Later, Danhof asked about Intuit's connection to the Human Rights Campaign (HRC). Ostensibly set up to promote LGBT causes, HRC also works to undermine religious liberty, direct corporate philanthropy, influence state laws, advocate in state and federal courts, and influence shareholder proposals. Through its rating system, known as the "Corporate Equality Index," HRC weaponizes corporate America into all of these extreme campaigns. After noting that Intuit has consistently achieved a perfect score on the Corporate Equality Index, Danhof asked:

HRC and environmental spending

To be in line so perfectly with the HRC's index is to say that the company has basically become an advocacy arm of the far left, supporting only approved liberal causes and events, and kowtowing to HRC regarding support or opposition to shareholder proposals. So my second question is this: Given that Intuit operates in lockstep with HRC's far-left, anti-religious advocacy demands, why should conservatives or Americans of faith continue to use your products and services?

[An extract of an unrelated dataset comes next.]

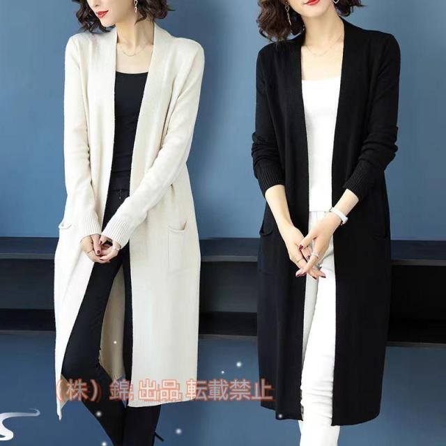 ロングカーディガン レディース ニットカーディガン 長袖 トップス 羽織り 上着 ニット 無地 アウター 株式会社錦 ポッケト付き

To this, Goodarzi only gave a non-responsive answer about Intuit's corporate philanthropy.

Danhof's entire question on environmental spending, as prepared for delivery, is available here. Danhof's exchange with Goodarzi is available here.

"When corporate managers receive the Human Rights Campaign's annual survey used to populate the Corporate Equality Index, we recommend that they throw it in the trash," suggested Danhof. "Companies should operate out of the best interest of their shareholders first and then the comminutes where they operate. They shouldn't operate to appease, or worse support, the anti-religious freedom activists at the Human Rights Campaign."

Today's Intuit meeting marks FEP's second participation in a shareholder meeting in 2020.